A December 1995 study of passive surveillance sensitivity in The American Journal of Public Health reported 72% for poliomyelitis after the oral polio vaccine and less than 1% for rash and thrombocytopenia after MMR. A 2020 study of VAERS sensitivity published in Vaccine noted in Background, a similar rate of 68% capture for poliomyelitis after oral polio vaccine and 47% capture of intussusception cases after rotavirus vaccine. The target objective of anaphylaxis and GBS following various vaccines revealed a range from 12% to 76%. As early as 2003 a study found that serious events are rare.
What antivaxxers won’t tell you
The evident paucity inherent in the misuse of VAERS data becomes apparent when examining another appeal to authority employed by antivaxxers. Namely the amount of money awarded to “victims of vaccine injury” via the Vaccine Injury Compensation Program (VICP). Total compensation paid out over the life of the VICP, since 1988, is in the area of $4.6 billion US. Members of the anti-vaccine lobby often cite various approximations of this figure to underscore their claim that vaccine damage occurs on a huge scale. In fact a simple analysis of VICP figures reveals the opposite to be true.

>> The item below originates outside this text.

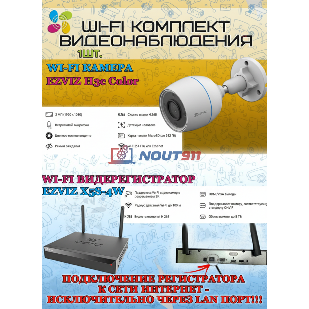 Представляем вашему вниманию передовой Wi-Fi комплект видеонаблюдения EZVIZ на 1 видеокамеру с разрешением 2 Мп 1080P, включающий модели CS-H3c Color и CS-X5S-4W. Эта система обеспечит высокую степень безопасности вашего дома или офиса благодаря расширенным функциональным возможностям и передовым технологическим решениям.

The report states that for every 1 million vaccine doses, “approximately 1 individual was compensated”. This is a familiar figure. The table below contains the monthly VICP statistics update report for 1 April 2023. It may be found on page three of the data and adjudication statistics report from Health Resources and Services Administration. It is headed Adjudication Categories, by Alleged Vaccine for Petitions Filed Since the Inclusion of Influenza as an Eligible Vaccine for Filings. NB: Influenza doses = 45% of total doses since 2006.

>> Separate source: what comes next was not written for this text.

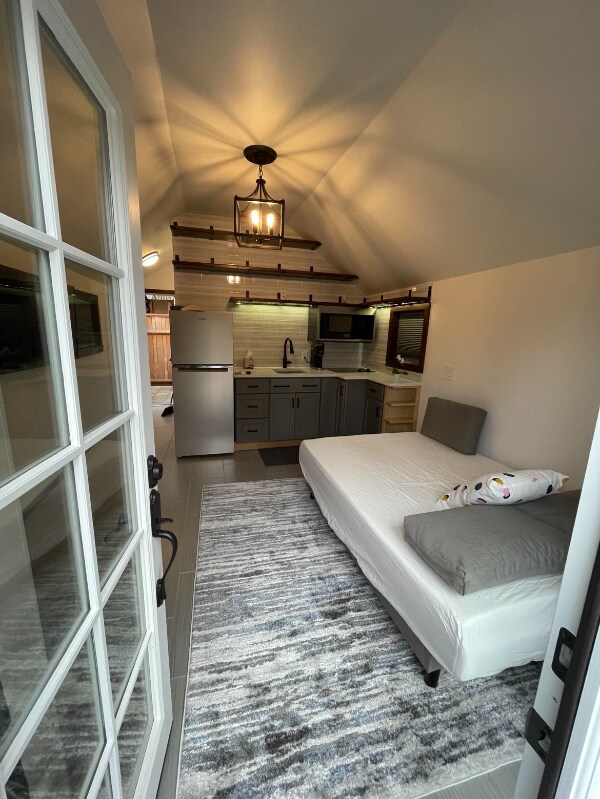 Property Id: 1628578 Dayton Place - New furnished studio available in Greenwood neighborhood, N. Seattle. Fully furnished - appliances, amenities, washer/dryer in unit, French Doors. Code entry for key access. Centrally located. Quiet neighborhood, great walkability. Close by car to: UW NW Hospital (6m), Northgate light rail (10m), bus transit lines E, 5, 40 (4/1/3 blk), Kraken Arena (10m), Carkeek Park Beach (10m). Near Ballard, Crown Hill, & Northgate neighborhoods. Studio offers 3/4 bath, in unit washer/dryer, new appliances/ kitchenette, 3/4 size fridge, new couch/bed combo, custom built shelving, closet, dresser, room darkening shades, outdoor storage. Fully fenced property, private patio adjacent to main home. Studio has sensitive sewer system for disposal. Items labeled flushable must be used with consideration. Anything other than toilet paper will cause disruption to system. We want the best experience for our clientele. Basic wi-fi, garbage/ recycle/ compost / water/sewer included. Tenant pays electricity & higher speed internet. Adjacent to main house. Street Parking available 1-2 cars. Credit score, background, RTI ratio check required. No smoking on property or $250 ozone machine charge will apply. Feel free to use our common area next to the front patio with firepit, table/chairs. We are a stay-at-home family living on property adjacent to unit. We are always available by text or phone to help you with anything you need. Whether you are visiting Seattle for the first time, short or long, Keywords: mother-in-law apartment, studio, cottage, fully furnished, tiny home, air-conditioning, tiny home, French doors

From 1 January 2006 to 12 December 2021 the number of vaccine doses distributed, as sourced from the CDC, totals 6,020,731,677. The total number of compensable cases is 7,483. Or 0.00012% of distributed doses. The Influenza vaccine accounts for 73.2% of compensable doses. Total settlements, including dismissed cases and non-compensable cases to date, have reached 10,429. Or 0.00017% of distributed doses. This represents a striking absence of vaccine injury. Unsurprisingly you will not hear these figures from the anti-vaccination lobby.


Since January 1988, 24,538 petitions have been filed [page 5]. 8,439 or 34% of petitions were compensated. More so, as the HRSA report states, “Being awarded compensation for a petition does not necessarily mean that the vaccine caused the alleged injury”.
And:
Approximately 60 percent of all compensation awarded by the VICP comes as a result of a negotiated settlement between the parties in which HHS has not concluded, based upon review of the evidence, that the alleged vaccine(s) caused the alleged injury.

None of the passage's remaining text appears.